Ha pubblicato cinque libri di critica letteraria, due romanzi e una “favola politica” ispirata alla Repubblica di Platone, “Il tarlo della libertà” (2004). Il suo lavoro di critico letterario è raccolto in “Poesia in Italia – Montale, novissimi e postnovissimi” (Mursia 1979) e in “Crepuscolo della scrittura” (Mursia 1991). Articoli di impegno civile sono raccolti in ” Costume e pattume” (Armando 1990).
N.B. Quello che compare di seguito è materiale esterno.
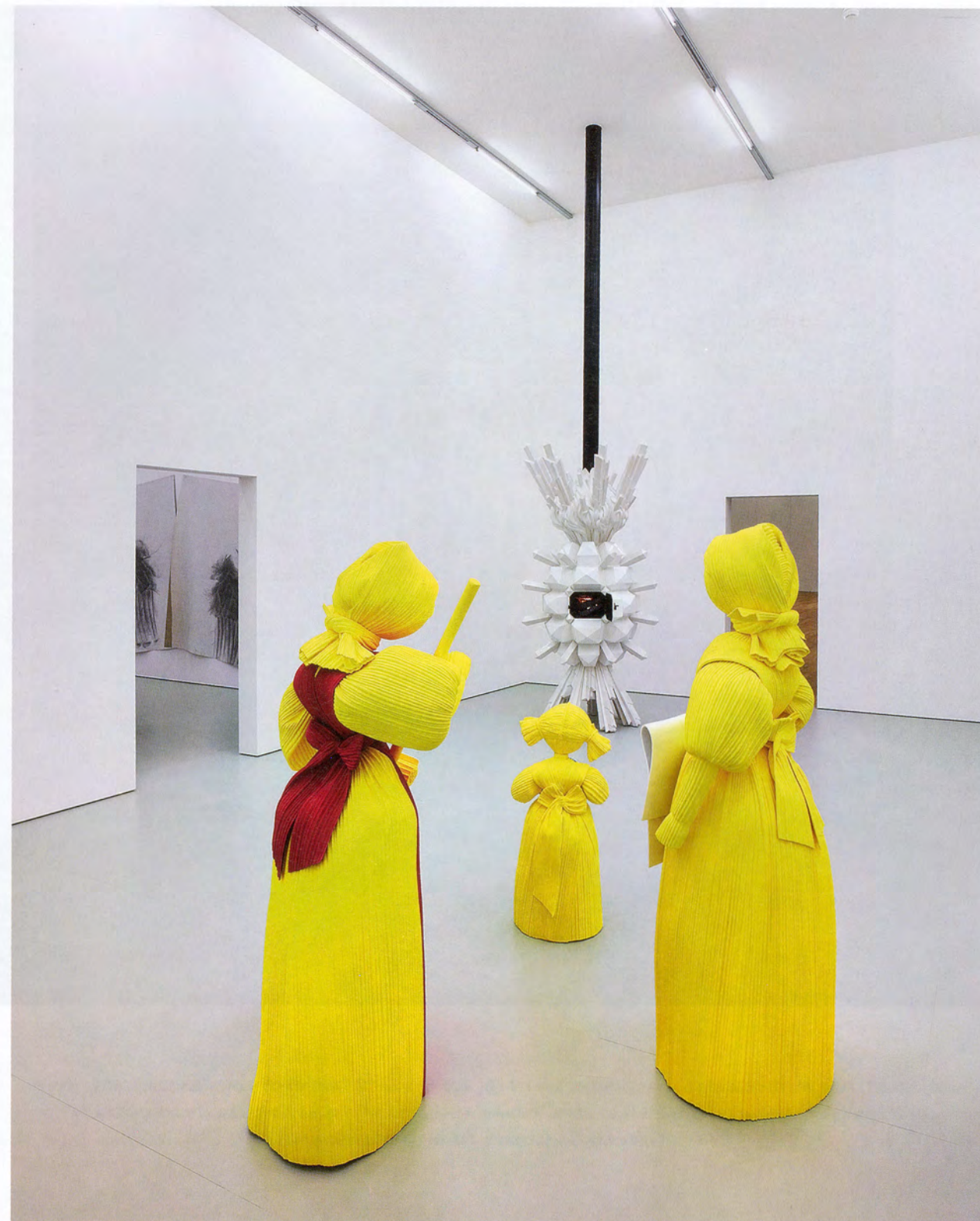
KATHARINA FRITSCH, DOLLS, 2016, epoxy resin, polyurethane, acrylic / PUPPEN, Epoxidharz, Polyurethan, Acryl, installation view, Schaulager Basel / ALEXEJ KOSCHKAROW, COLD OVEN, 2016, ceramics, metal, electric light, motor / KALTER OFEN, Keramik, Metall, elektrisches Licht, Motor.

KF: Wochenlang hatte ich mit Restauratoren in einem Raum in diesem Bau die Wände geschliffen und sie dann mit purpurroter Farbe gespritzt, bis wir diese samtene Oberfläche hinkriegten, die ich gesucht hatte. Der Raum blieb sonst leer. Ich wollte ihn mit minimalen Eingriffen belassen, weil der Blick aus dem Fenster von Geschichte nur so geschwängert ist. Zur Linken Hermann Görings Reichsluftfahrt-Ministerium, unten das Dokumentationszentrum Topo-
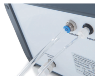
barevné rozlišení konektorů
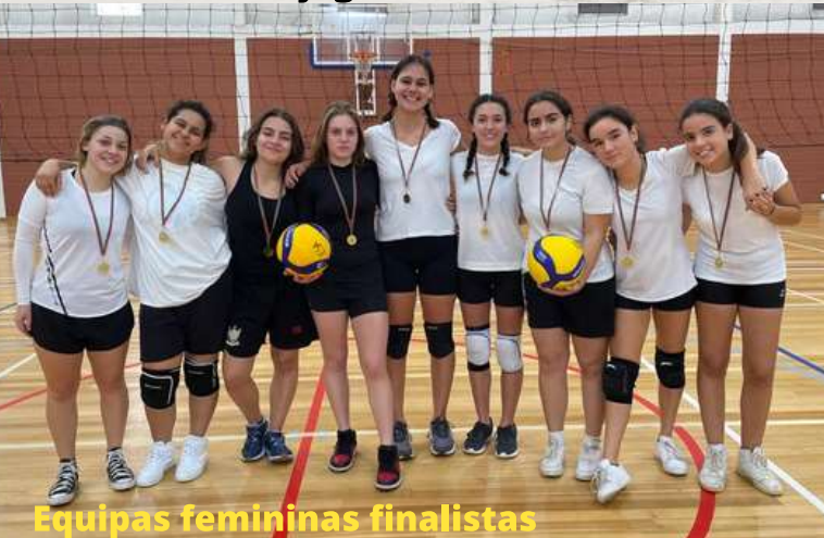
Equipas femininas finalistas

Na Escola Secundária teve também lugar no dia 15 de dezembro a já tradicional Maratona de Voleibol (4X4), com uma enorme participação de alunos e pavilhão cheio a assistir. Tivemos a participar 21 equipas masculinas num total de 106 jogadores, sendo vencedores os "Carbotulhas" e vencidos os "BestRizzers". No quadro feminino participaram 6 equipas envolvendo 31 jogadoras, venceram este torneio "Billy Jean" e em segundo lugar "Puffs".

Ha tradotto dal francese poesie di Aragon.
Per la narrativa ha scritto “O barare o volare” (Garzanti, 1977), “L’ultimo valzer di Chopin” (La vita felice, 1995).
E’ stato condirettore (con Gio Ferri e Giuliano Gramigna) della rivista “Testuale”.
Tra le raccolte di poesia più recenti: “Morire di pace” – autobiografia, (Shakespeare 1977), “L’oscura verdità del nero” (Garzanti, 1987), “Dèmone se vuoi” (Book 1994), “Soldatino d’aria”, (Marsilio, 2000), il volume antologico “La ventura poetica 1953-2002” ( F. Motta 2002 e La Vita Felice 2009). Nel 2006 “Poetile” (Aragno), “Diario del giorno prima” (Nomos edizioni, 2012).
È stato tradotto in inglese, francese e croato.